Objectives: To determine whether there is greater risk of initiation of oxybutynin to treat urinary incontinence (UI) after initiation of medicines reported to be associated with UI.
Design: Prescription sequence symmetry analysis (PSSA).
Setting: Administrative claims data from the Australian Government Department of Veterans' Affairs.
Participants: Individuals who initiated oxybutynin and a medicine reported to be associated with UI in a 12-month period.
Measurements: Between January 1, 2001, and December 31, 2011, the distribution of incident dispensing of medicines reported to be associated with UI (prazosin, diuretics, calcium channel blockers (CCBs), angiotensin-converting enzyme inhibitors (ACEIs), angiotensin receptor blockers (ARBs), hormone replacement therapy (HRT), opioid analgesics, anticonvulsants, levodopa, antipsychotics, sedatives, selective serotonin reuptake inhibitors (SSRIs), venlafaxine, anticholinesterases) was assessed before and after incident dispensing of oxybutynin (to treat UI). Crude and adjusted sequence ratios (ASRs) with 95% confidence intervals (CIs) were calculated.
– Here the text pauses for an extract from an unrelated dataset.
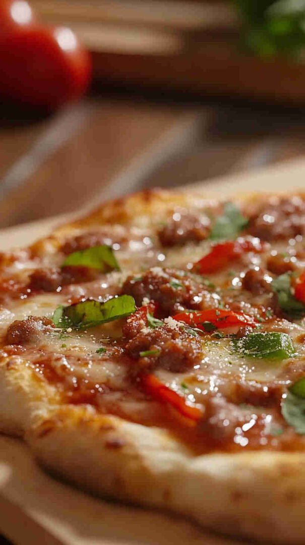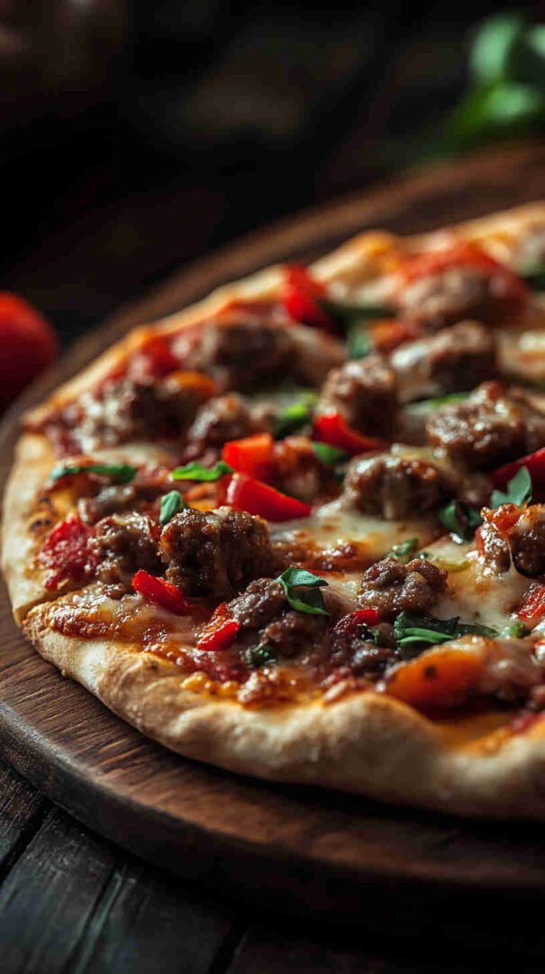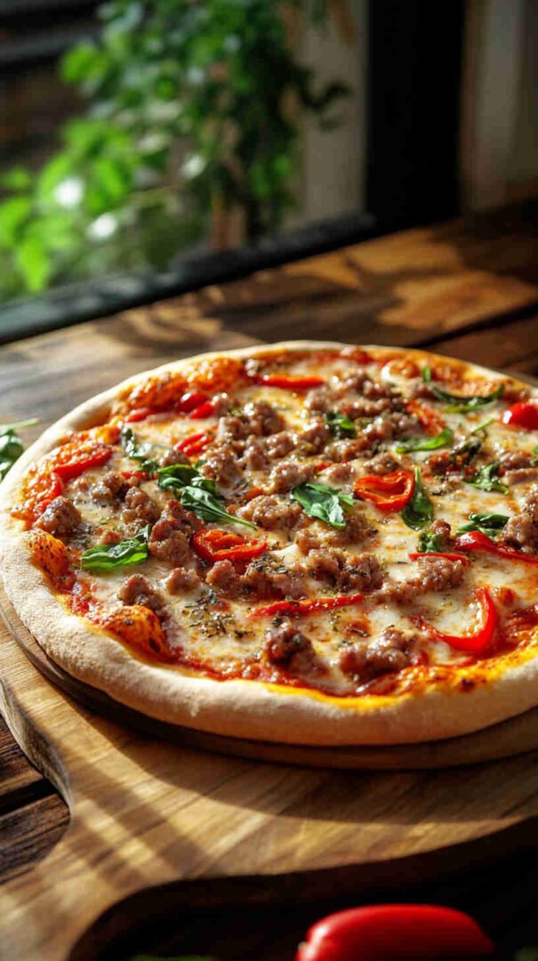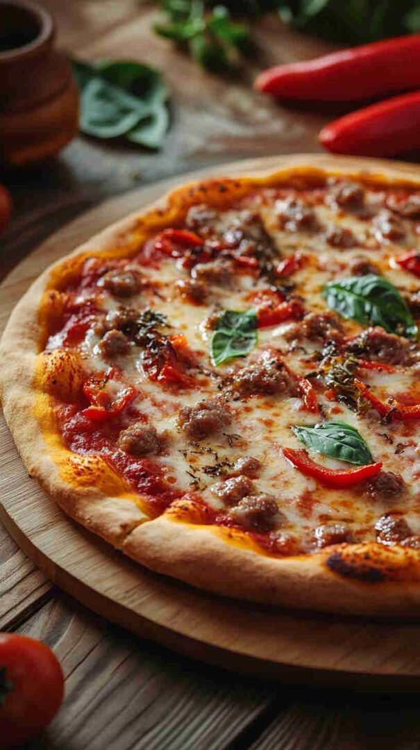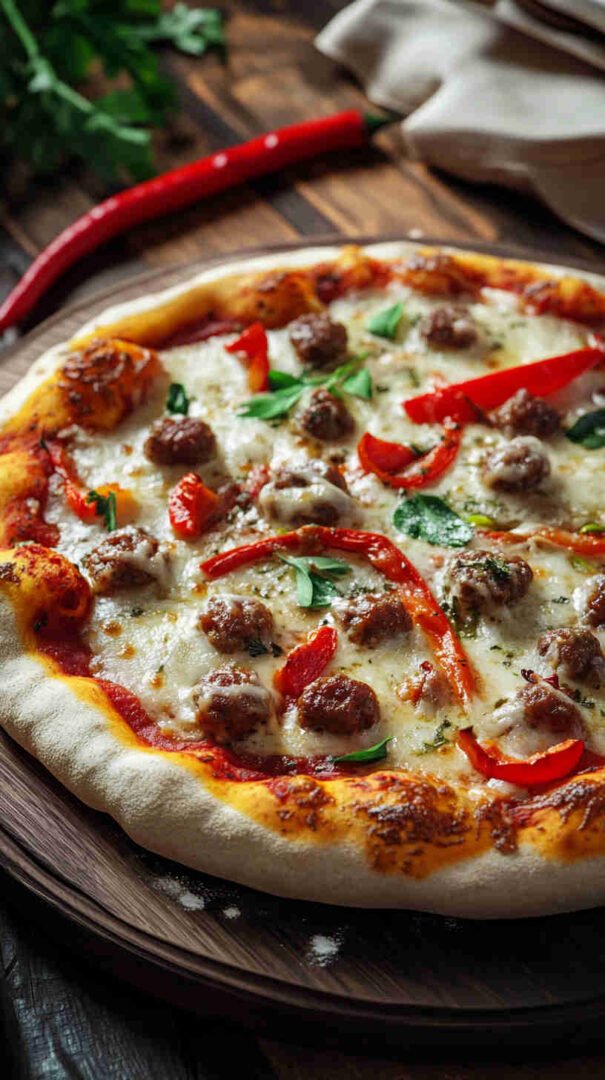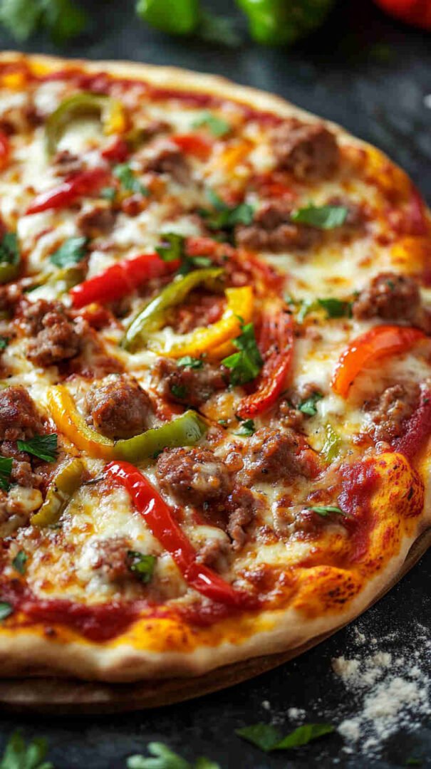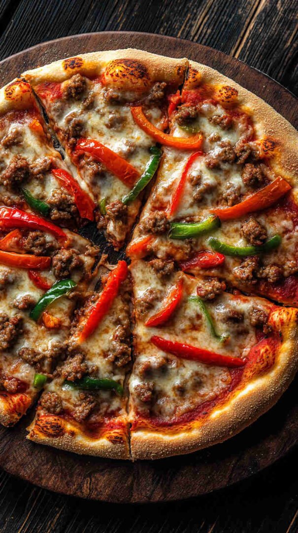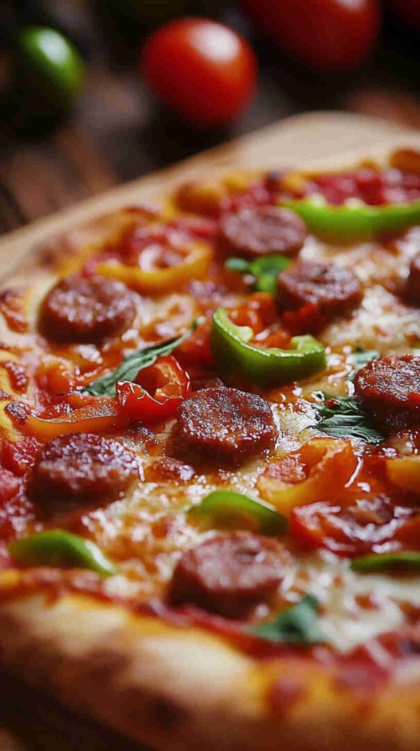 Hearty Italian sausage, colorful peppers, onions, and melty cheese on crispy crust—a festive twist on a classic!

Results: Significant associations between initiation of CCBs, ACEIs, ARBs, and hypnotic-sedatives and subsequent initiation of oxybutynin were found. ASRs ranged from 1.28 (95% CI = 1.19-1.39) for ACEIs to 1.59 (95% CI = 1.29-1.96) for verapamil. In women, there was greater risk of initiation of oxybutynin after prazosin (ASR = 1.84, 95% CI = 1.29-2.63) and HRT (ASR = 1.54, 95% CI = 1.42-1.67) initiation. PSSA showed no significant association with initiation of opioids, anticonvulsants, levodopa, SSRIs, venlafaxine, or anticholinesterases and subsequent initiation of oxybutynin.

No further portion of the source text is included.